------ Dataset
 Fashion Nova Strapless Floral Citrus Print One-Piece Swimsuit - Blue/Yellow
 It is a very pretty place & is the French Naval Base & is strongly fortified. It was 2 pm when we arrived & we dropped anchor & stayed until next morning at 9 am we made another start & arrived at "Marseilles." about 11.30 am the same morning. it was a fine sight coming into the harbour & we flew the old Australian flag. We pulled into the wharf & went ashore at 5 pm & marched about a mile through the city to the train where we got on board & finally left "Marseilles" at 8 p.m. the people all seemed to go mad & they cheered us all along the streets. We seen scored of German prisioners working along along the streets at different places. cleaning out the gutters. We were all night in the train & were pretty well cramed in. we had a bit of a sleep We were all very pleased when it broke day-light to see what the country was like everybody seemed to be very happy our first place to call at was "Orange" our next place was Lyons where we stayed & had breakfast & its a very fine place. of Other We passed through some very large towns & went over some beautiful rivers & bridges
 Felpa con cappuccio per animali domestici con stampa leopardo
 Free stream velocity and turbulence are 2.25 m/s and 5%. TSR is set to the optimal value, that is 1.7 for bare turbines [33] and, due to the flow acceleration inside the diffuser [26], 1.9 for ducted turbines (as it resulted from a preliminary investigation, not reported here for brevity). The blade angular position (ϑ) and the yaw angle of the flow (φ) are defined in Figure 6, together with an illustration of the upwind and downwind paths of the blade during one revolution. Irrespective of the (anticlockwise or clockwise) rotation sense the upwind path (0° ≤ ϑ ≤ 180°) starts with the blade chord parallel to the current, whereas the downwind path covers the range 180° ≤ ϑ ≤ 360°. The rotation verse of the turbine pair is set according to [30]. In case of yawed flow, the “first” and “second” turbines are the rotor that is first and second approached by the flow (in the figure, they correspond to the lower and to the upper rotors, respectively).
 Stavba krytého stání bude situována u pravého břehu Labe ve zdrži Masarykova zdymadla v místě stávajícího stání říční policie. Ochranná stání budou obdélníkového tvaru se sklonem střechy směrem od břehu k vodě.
------------
------ Dataset
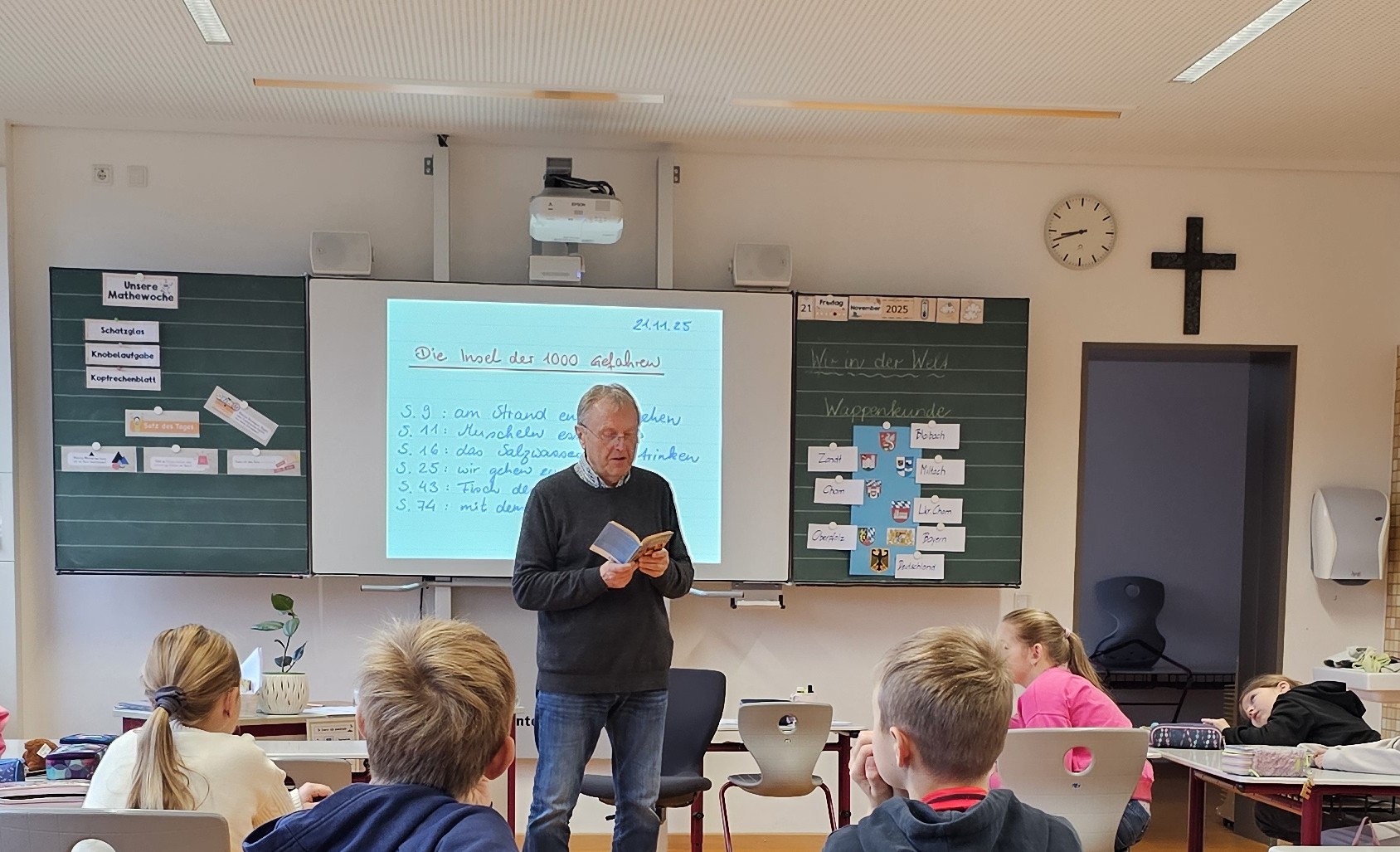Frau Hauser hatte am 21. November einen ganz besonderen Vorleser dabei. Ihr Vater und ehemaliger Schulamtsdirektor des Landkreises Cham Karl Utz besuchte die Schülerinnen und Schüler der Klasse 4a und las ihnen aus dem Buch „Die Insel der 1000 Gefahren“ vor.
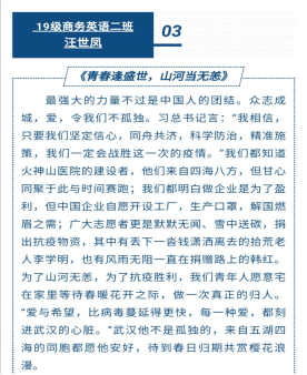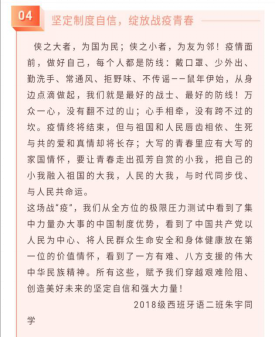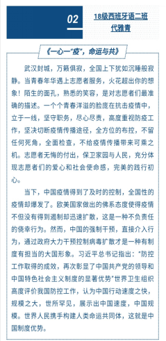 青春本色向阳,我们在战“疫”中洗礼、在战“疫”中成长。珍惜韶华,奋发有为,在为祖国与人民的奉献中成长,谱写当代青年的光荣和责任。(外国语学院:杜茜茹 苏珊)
------------
------ Dataset
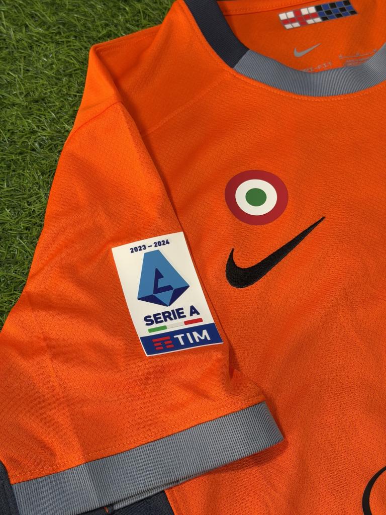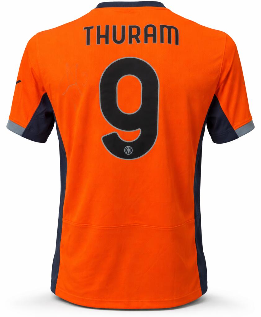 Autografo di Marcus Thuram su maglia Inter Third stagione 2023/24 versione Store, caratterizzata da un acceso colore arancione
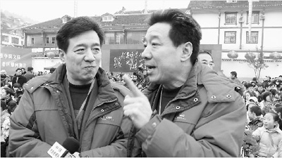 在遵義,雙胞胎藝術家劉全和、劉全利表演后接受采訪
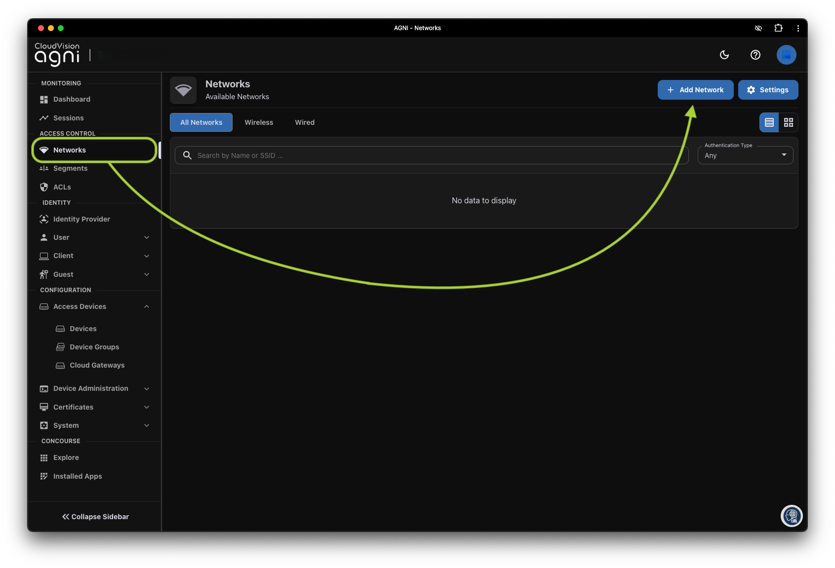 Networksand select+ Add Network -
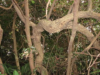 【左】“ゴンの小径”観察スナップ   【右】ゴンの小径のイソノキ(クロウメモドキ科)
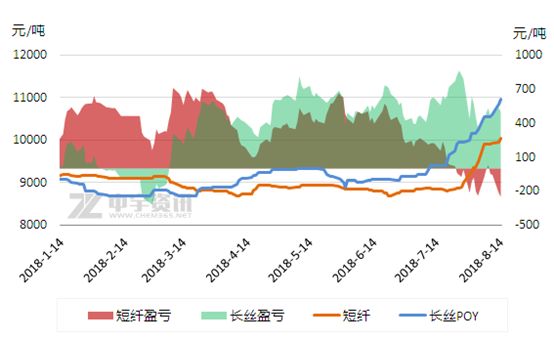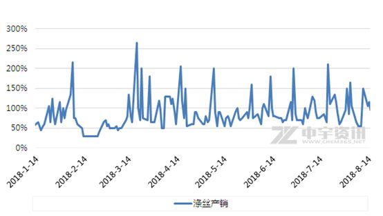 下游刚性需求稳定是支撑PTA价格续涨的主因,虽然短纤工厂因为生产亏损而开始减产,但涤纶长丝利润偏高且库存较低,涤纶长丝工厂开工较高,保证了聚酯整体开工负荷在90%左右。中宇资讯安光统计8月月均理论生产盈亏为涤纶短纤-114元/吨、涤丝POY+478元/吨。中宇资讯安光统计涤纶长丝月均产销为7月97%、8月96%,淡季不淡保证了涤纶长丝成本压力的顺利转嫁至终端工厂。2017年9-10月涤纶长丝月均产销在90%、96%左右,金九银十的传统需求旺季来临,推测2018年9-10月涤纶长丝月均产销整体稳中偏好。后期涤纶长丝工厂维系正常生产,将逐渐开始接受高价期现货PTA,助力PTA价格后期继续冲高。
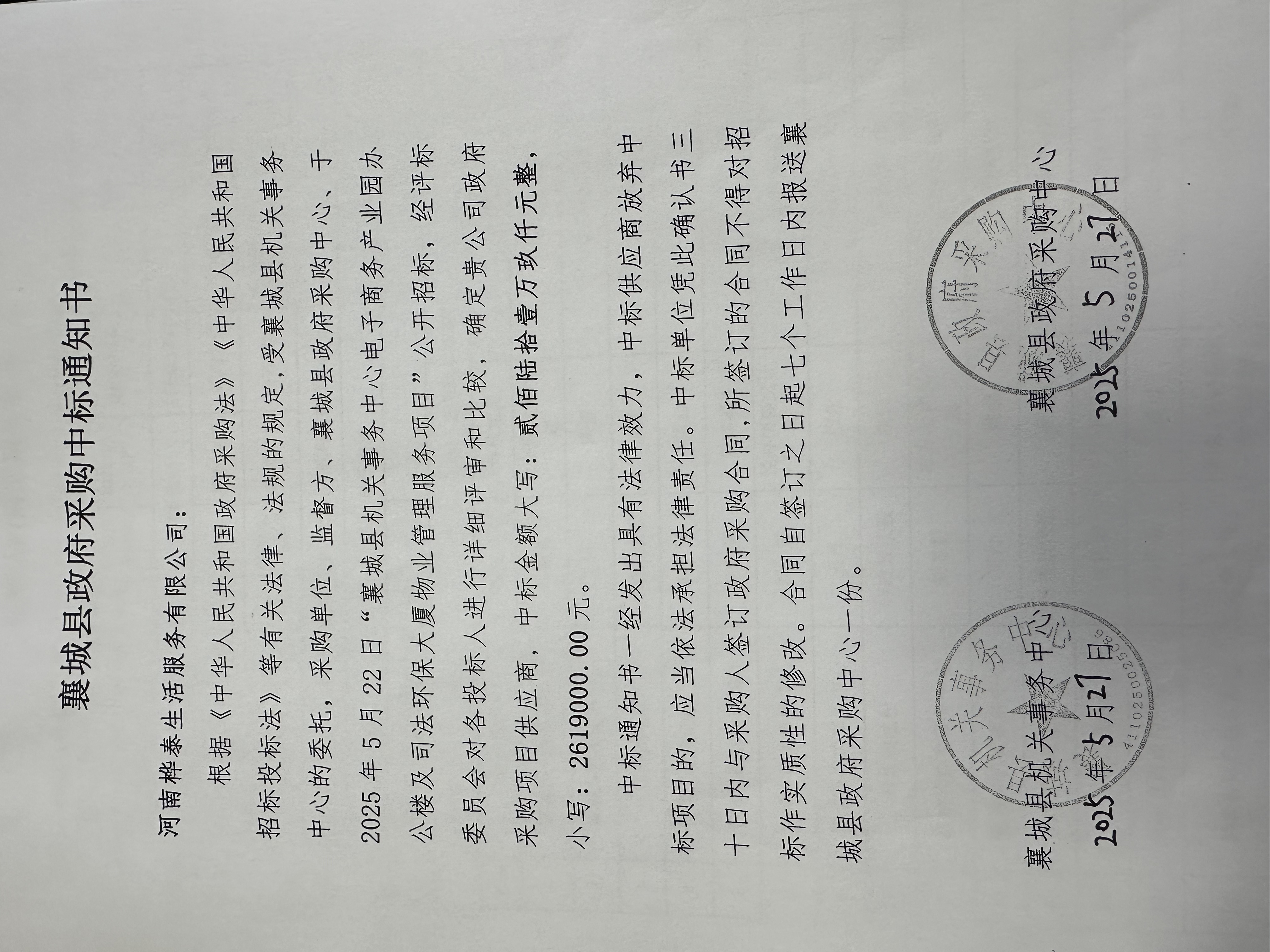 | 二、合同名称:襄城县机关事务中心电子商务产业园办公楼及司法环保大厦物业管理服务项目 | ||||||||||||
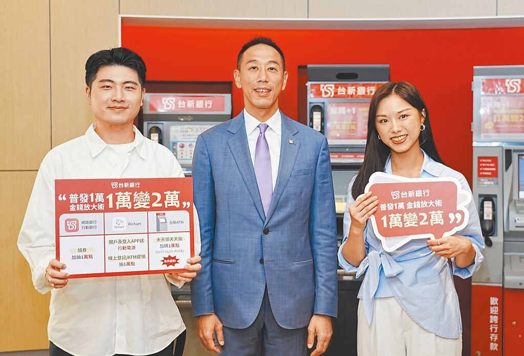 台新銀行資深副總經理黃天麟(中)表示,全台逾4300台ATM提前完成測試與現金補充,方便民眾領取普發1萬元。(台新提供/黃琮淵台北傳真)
------------
# About this exercise:
With the pictures removed, print only the lines starting at the line that has "下游刚性需求稳定是支撑PTA" and ending at the line that has "台新銀行資深副總經理黃天麟(中)表示,全", both ends included, exactly as they stand above.

# Response:
 下游刚性需求稳定是支撑PTA价格续涨的主因,虽然短纤工厂因为生产亏损而开始减产,但涤纶长丝利润偏高且库存较低,涤纶长丝工厂开工较高,保证了聚酯整体开工负荷在90%左右。中宇资讯安光统计8月月均理论生产盈亏为涤纶短纤-114元/吨、涤丝POY+478元/吨。中宇资讯安光统计涤纶长丝月均产销为7月97%、8月96%,淡季不淡保证了涤纶长丝成本压力的顺利转嫁至终端工厂。2017年9-10月涤纶长丝月均产销在90%、96%左右,金九银十的传统需求旺季来临,推测2018年9-10月涤纶长丝月均产销整体稳中偏好。后期涤纶长丝工厂维系正常生产,将逐渐开始接受高价期现货PTA,助力PTA价格后期继续冲高。
 | 二、合同名称:襄城县机关事务中心电子商务产业园办公楼及司法环保大厦物业管理服务项目 | ||||||||||||
 台新銀行資深副總經理黃天麟(中)表示,全台逾4300台ATM提前完成測試與現金補充,方便民眾領取普發1萬元。(台新提供/黃琮淵台北傳真)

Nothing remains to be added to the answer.